I programmed a filter which simply inverts an image. I noticed that copying the image (900kb) to the device takes around 4 ms. I think I’m doing something wrong.
// Filter values
int filterStart = startY * stride + startX * pixelSize;
int filterWidth = stopX - startX;
int filterHeight = stopY - startY;
//// Threads properties
int threads = 256;
int blocks = filterHeight / threads + 1;
// Debug information
printf("blocks: %d threads: %d \n", blocks, threads);
printf("invert => filterHeight: %d filterWidth: %d filterStart: %d pixelSize: %d stride: %d img_length: %d \n", filterHeight, filterWidth, filterStart, pixelSize, stride, img_length);
// Allocate memory on device
BYTE* img_d;
cudaMalloc(&img_d, img_length);
// Copy complete image to device
cudaMemcpy(img_d, img, img_length, cudaMemcpyHostToDevice);
//Call kernel function for each line
invertCuda<<<blocks, threads>>>(img, filterHeight, filterWidth, filterStart, pixelSize, stride);
printf("%s\n", cudaGetErrorString(cudaPeekAtLastError()));
printf("%s\n", cudaGetErrorString(cudaThreadSynchronize()));
// Copy image back to host
cudaMemcpy(img, img_d, img_length, cudaMemcpyDeviceToHost);
// Free memory
cudaFree(img_d);
The call invertCuda<<<blocks, threads>>> returns almost immediately, it does not wait for the operation to complete. Then when you call cudaMemcpy for the second time, first it waits for the kernel to finish, then it waits for the copy operation to complete. So the number you see in “Time for calculating inverted image” is just 30 microseconds and the number you see in “Time for copying memory back to host” is really the total time to invert + to copy.

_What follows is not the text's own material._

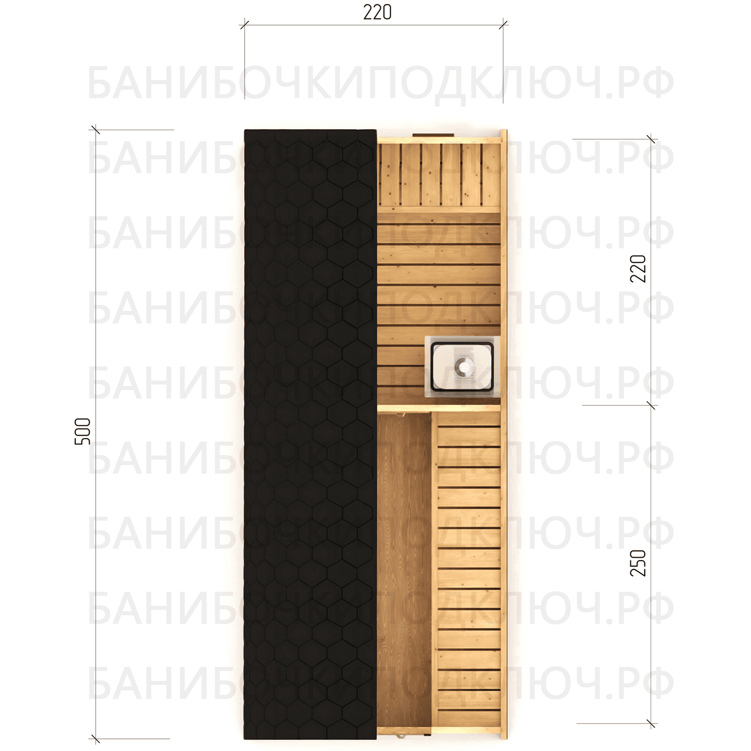 парилка - 220 см, мойка - 110 см, предбанник - 130 см

You could get correct numbers by adding a call to cudaThreadSynchronize() after invertCuda<<<blocks, threads>>>.
0.65 ms to copy 900 kb is 1.4 Gb/s. You should do better, I think. 3.5 to 5 Gb/s is what people usually see. There’s an app called bandwidthTest in CUDA SDK, did you try to run that?
Your calculation is very accurate. It seems like my device is slow. The test produced the following results:
Unpinned memory
Pinned memory
So this means I need to reduce the amount of data copied to the device as much as possible, since it’s the bottle neck. Additonally switching to pinned memory might also increase the speed drastically.

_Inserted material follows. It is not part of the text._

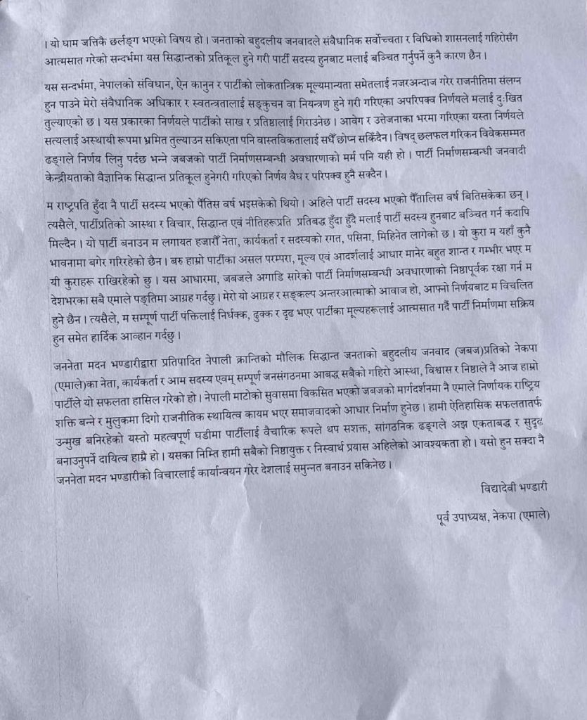 एमालेले सदस्यता नवीकरण अस्वीकार गरेको निर्णयपछि आयोजित पत्रकार सम्मेलनमा बोल्दै भण्डारीले भने, “म राष्ट्रकै सर्वोच्च पदमा पुगेर इतिहासमा आफ्नो नाम दर्ज गरिसकेको छु। अब पदको लालसा छैन। पार्टीलाई सफल, सुदृढ र एकताबद्ध बनाउन मैले सदस्यता नवीकरण गरेकी हुँ।”

Here are the new values with your fix:
/edit
Why does allocating memory take that much time? Possible due to very fragmented RAM on my device?

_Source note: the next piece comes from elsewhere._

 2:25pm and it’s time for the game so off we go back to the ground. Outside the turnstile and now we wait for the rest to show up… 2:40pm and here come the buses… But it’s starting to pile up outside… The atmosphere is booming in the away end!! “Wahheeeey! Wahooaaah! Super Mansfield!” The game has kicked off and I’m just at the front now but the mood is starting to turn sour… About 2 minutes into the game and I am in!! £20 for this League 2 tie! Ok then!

The first CUDA function you call will be slow because it also has to create the CUDA context. If you want to test this, time a second copy after the first one and see if it takes the same amount of time.
As far as I can tell, cudaMalloc involves running some kind of kernel internally. In my tests its execution time scales with allocation size, and in inverse proportion to the GPU clock. Does not really make sense why this is happening (the only thing that could explain the behavior is if the device was clearing the memory inside cudaMalloc, but documentation says explicitly that it is not so.) But that’s the way things are. On a GeForce 560 (which is about 20 times faster than your Quadro 770M), the relationship is 0.048 ms per megabyte.
I tried debugging this a little; most of the time is spent inside a system function called D3DKMTCreateAllocation2, which, in turn, seems to call a kernel-mode driver. At that point, the trail goes cold. We’d have to ask people who wrote the driver.
Edit: and it’s only happening in Windows. The Linux driver does not have the problem, all calls to cudaMemcpy (except the first one) take 0.03-0.05 ms.
Wow thanks a lot for your help! I was also experimenting some more. I’m allocating the memory now once and use it for each frame without deallocating it. The deallocation happens in the end of the stream. This kind of works but I’m having trouble, if I combine two filters. But I need to do some more testing, since it really doesn’t make sense. So prolly my testframework is buggy or something.
I guess it shouldn’t be a problem not to deallocate memory after a CUDA call and to reuse it without freeing it?